In this overall picture, the place of copyright enforcement in the digital environment remains hotly contested. Meanwhile, at WIPO’s copyright body – the Standing Committee on Copyright and Related Rights (SCCR) – developing countries have made proposals for new international instruments on limitations and exceptions for the visually impaired and for libraries, education and research. At the same time, there is also a growing recognition about the need for solid empirical evidence to better inform these copyright and enforcement discussions. The recently released report on Media Piracy in Emerging Economies (MPEE) seeks to precisely achieve that.
It is against this background that this dialogue on Scenarios for Global Copyright Reform and the Public Interest Intellectual Property is taking place on the margins of the WIPO SCCR which is meeting from 15th to 24th June 2011. It is organized by ICTSD, the Program on Information Justice and Intellectual Property (PIJIP) of the American University College of Law, American Assembly and the Fundação Getulio Vargas.
The first day – Saturday 18th June- will focus on recent proposals, scenarios and options for global copyright reform. It will discuss recent developments in this area – including the state of play on exceptions and limitations at WIPO SCCR – and their possible implications.

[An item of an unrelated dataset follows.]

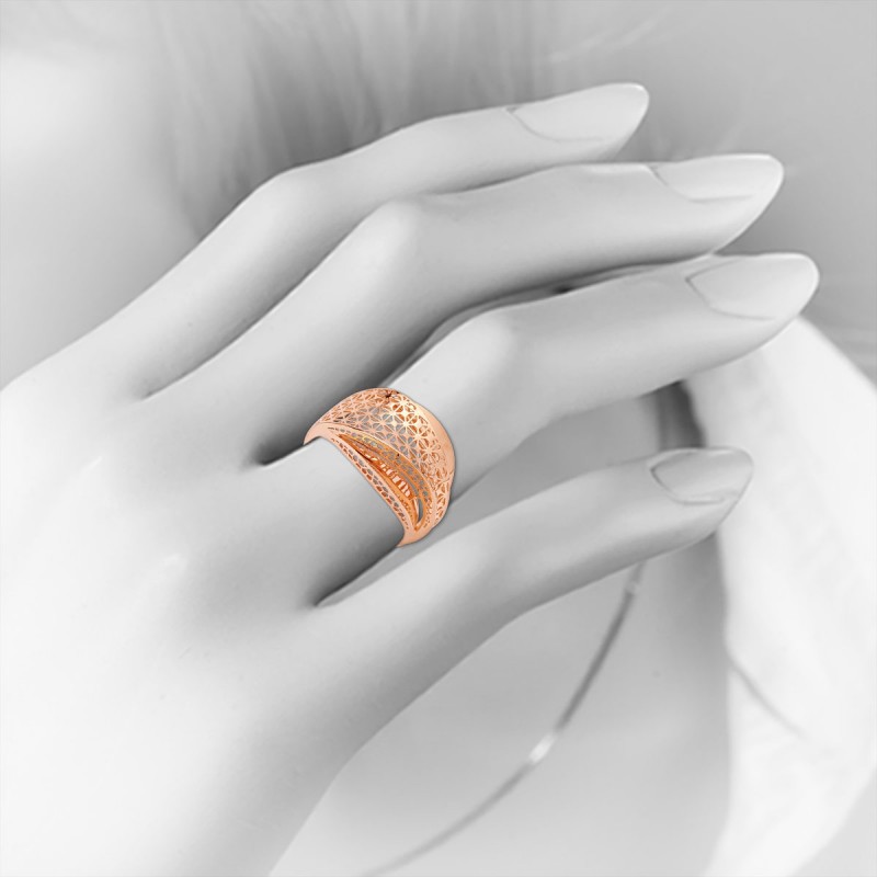 Rotgold – ein Schmuckstück, das sofort Aufmerksamkeit auf sich zieht dank seines außergewöhnlichen, voluminösen Designs und der feinen dekorativen Verarbeitung. Mehrere elegant geschwungene Goldbänder kreuzen sich und formen eine harmonische Komposition, die zugleich dynamisch und raffiniert wirkt.

The second day – Sunday 19th June- will focus on the broader challenges facing a positive public interest intellectual property agenda and access to knowledge in the face of recent trends towards expansive intellectual property protection and stronger enforcement of intellectual property rights. Questions raised include: What are the prospects for positive reform, on both process and substance, in various forums for the making of international, regional and national intellectual property law? How can the substance of intellectual property norms be tailored to better protect and promote the public interest? What positive reform efforts are underway now and what lessons do they teach us about effective framing and the possibilities of scaling proposals vertically or horizontally between policy making forums?